EXERCISE BRIEF:
Your answer must be only the lines below from the one containing "体育の様子です。男子がバスケット、女子がハンドボールをしていました。" through the one containing "Nota 2. Attenzione!", copied exactly, with the pictures left out.

PROVIDED DATA Start Marker

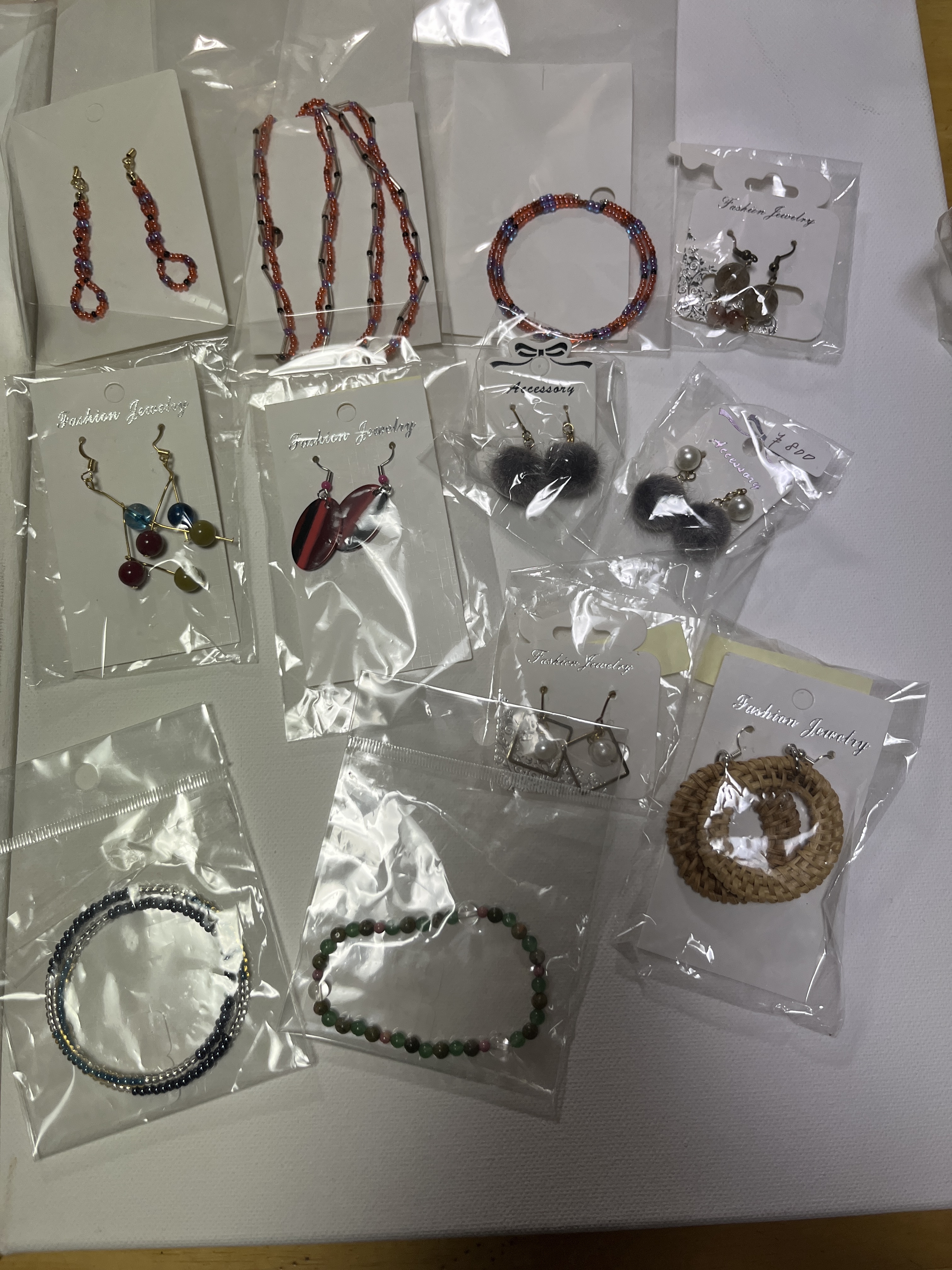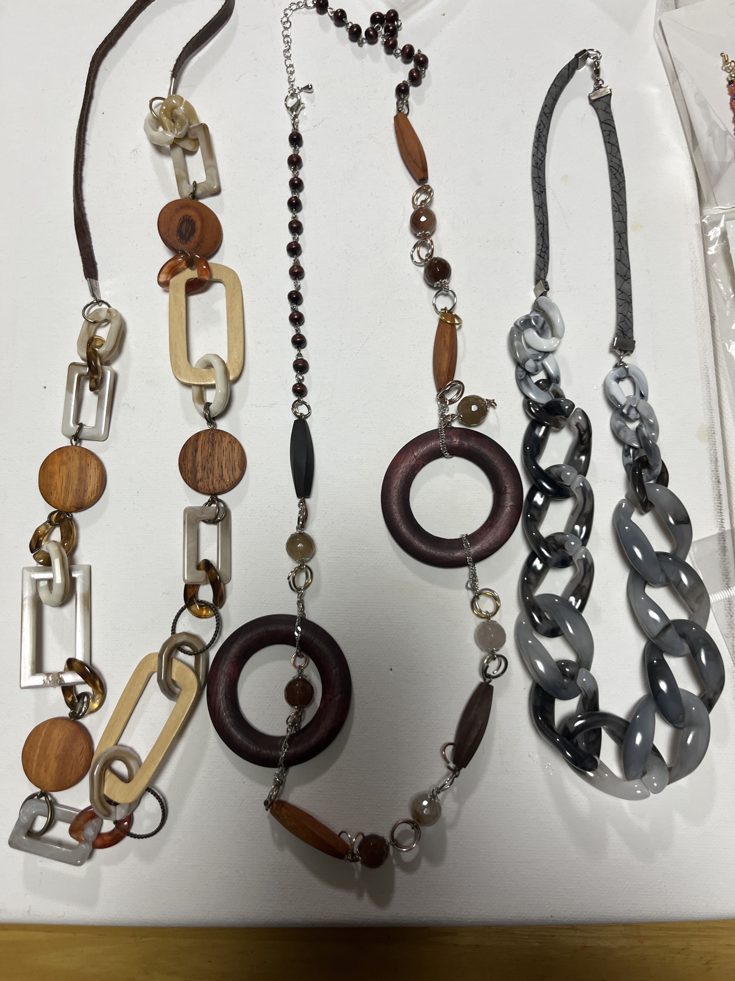 布バック、ポーチ、ゴミ袋付きティシュケース アクリル、天然石アクセサリー ピアス、ネックレス、メガネチェーン、ブレスレット
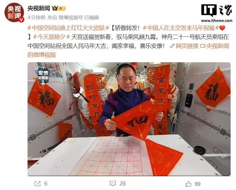 IT之家 2 月 16 日消息,据央视新闻今日报道,神舟二十一号航天员乘组在轨送上新春祝福:
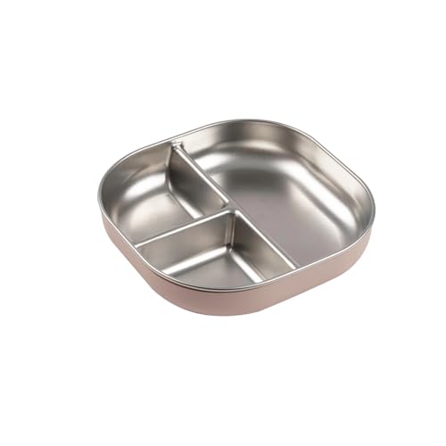 BÉABA, Assiette Bébé Compartimentée en Inox Micro-ondable – Antidérapante avec Housse Silicone, Incassable, Bords Hauts Ergonomiques, Passe au Lave-Vaisselle, Barpe à papa
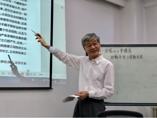 新学期伊始,AC米兰中文官方网站特邀海外名家做客百川讲堂,为全体师生带来精彩的学术盛宴。9月12日—9月24日,百川讲堂在学院楼1楼开讲,日本关东学院大学教授渡边宪正做了主旨为《<德意志意识形态>的手稿写作与理论结构》的系列学术讲座,渡边教授是日本知名的马克思主义理论家,主攻社会思想史和马克思理论研究。系列讲座由刘礼老师主持、武汉大学哲学院盛福刚老师担任学术翻译。本项目受AC米兰中文官方网站引智项目、北京高校中国特色社会主义理论研究协同创新中心(AC米兰中文官方网站)支持。
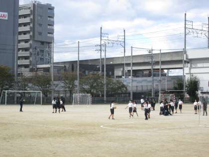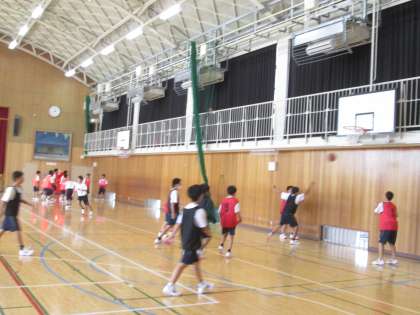 体育の様子です。男子がバスケット、女子がハンドボールをしていました。
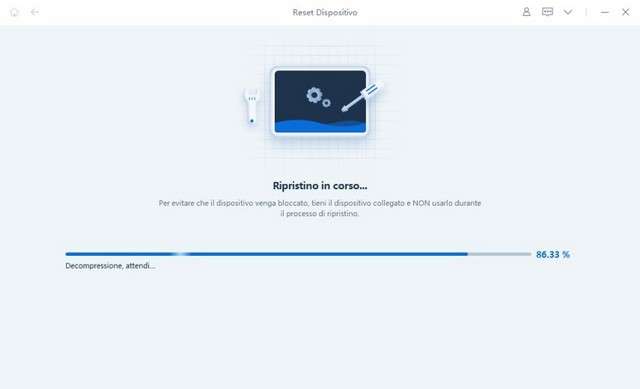 Nota 2. Attenzione! il reset di fabbrica eliminerà tutti i dati e le impostazioni presenti sul tuo iPhone. Assicurati di avere un backup di recupero o dovrai impostare il telefono come nuovo.A seconda della grandezza del firmware, il processo di reset di fabbrica può durare diversi minuti. Non scollegare lo smartphone dal PC e assicurati di avere una buona connessione.
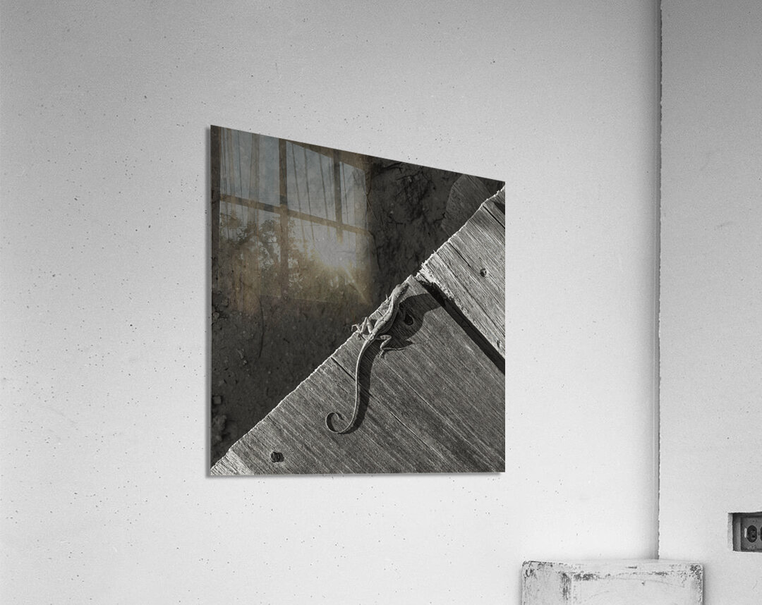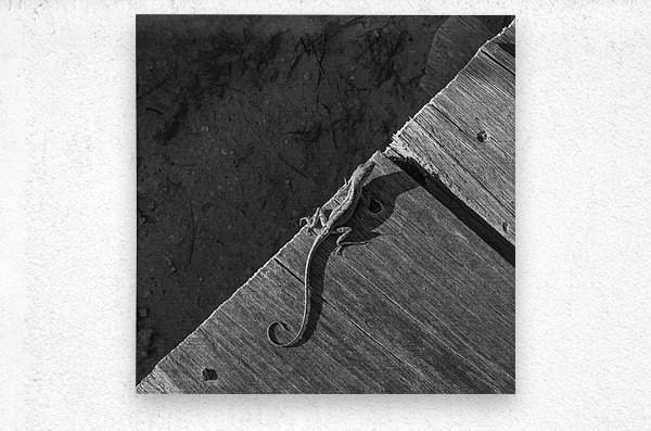 ABOUT THIS ARTWORK: GECKO ANOLE ON BOARDWALK IN BW
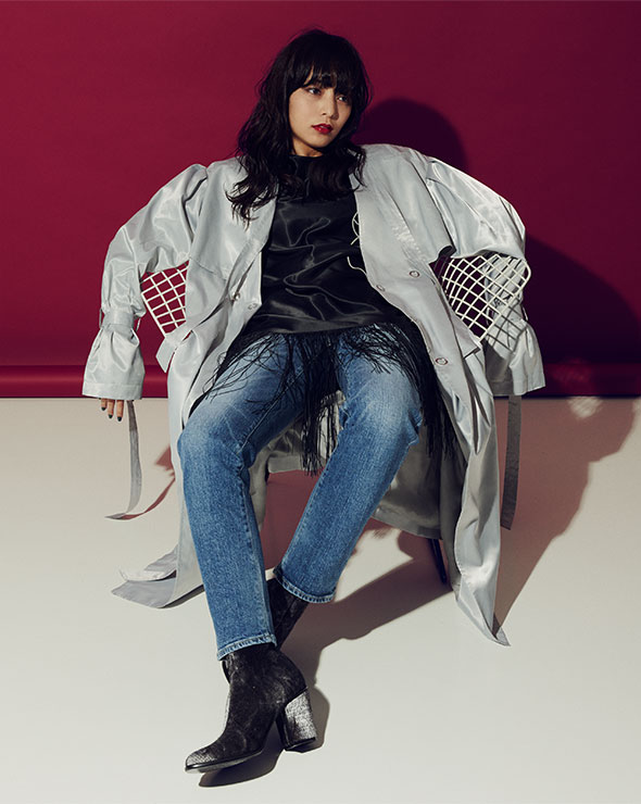 定番のブルーデニムには、遊び心のあるフォルムとツヤ感が目を引くロングトレンチでさりげなくエッジをきかせて。「デニムはシンプルが一番!普段は、わりとオーバーサイズをはくことが多いのですが、テーパードシルエットは脚をスラリとみせてくれるので、バランスよく着こなすことができますね」(Licaxxx) デニム “アニバーサリー テーパード” [71403T-kim] 1万9000円/レッドカード(ゲストリスト 03-6869-6670)、トレンチコート 8万5000円、トップス 3万2000円、ブーツ 参考商品/ヨウヘイオオノ(ヨウヘイオオノ 03-3464-7910)
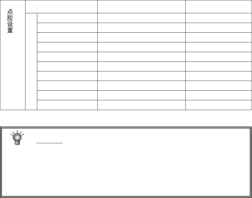 第 3 章 EPU 设置 3- 19 胶粘 剂 种类的设置 按下浏览, 在列表框中选择所需 的文件 。 点 胶 条 件 设 置 点胶时间 在编辑框输入。 点胶压力 在编辑框输入。 X-Y- θ结束等待时间 在编辑框输入。 点胶延迟时间 在编辑框输入。 Z 轴下降速度 选择复选 框。 Z 轴上升速度 选择复选框 。 下死点保持时间 在编辑框输入。 X-Y- θ 移动等待时间 在编辑框输入。 切胶动作次数 在编辑框输入。 切胶动作类型 选择…
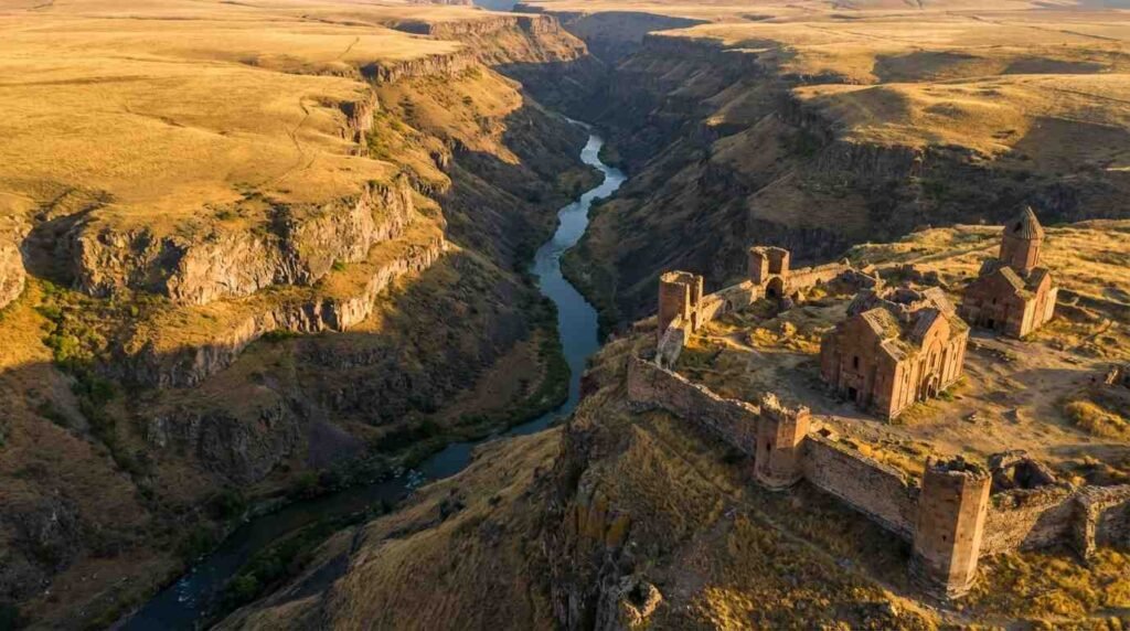 The Church of St. Gregory of the Abughamrents, the Seljuk caravanserai, the Zoroastrian temple ruins, the bridges over the gorge — the site requires three hours to cover in a way that does justice to what is here. The gorge is the southern boundary, the river sixty meters below, the Armenian hillside visible across it. It is worth sitting at the gorge edge for a while. The landscape across is not visually distinct from the landscape you are standing on. The difference is entirely political, entirely human, and entirely real.
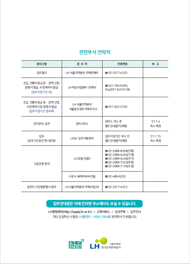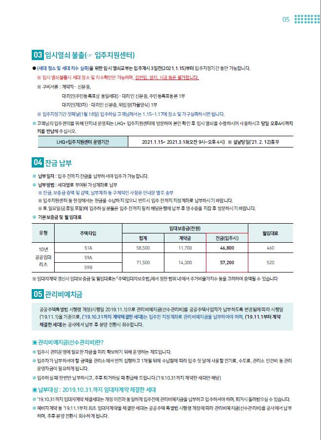 ※ 입주지원센터 등 현장에서는 현금을 수납하지 않으니 반드시 입주 전까지 지정계좌로 납부하시기 바랍니다.

PROVIDED DATA End Marker

OUTPUT FOR THIS TASK:
 体育の様子です。男子がバスケット、女子がハンドボールをしていました。
 Nota 2. Attenzione! il reset di fabbrica eliminerà tutti i dati e le impostazioni presenti sul tuo iPhone. Assicurati di avere un backup di recupero o dovrai impostare il telefono come nuovo.A seconda della grandezza del firmware, il processo di reset di fabbrica può durare diversi minuti. Non scollegare lo smartphone dal PC e assicurati di avere una buona connessione.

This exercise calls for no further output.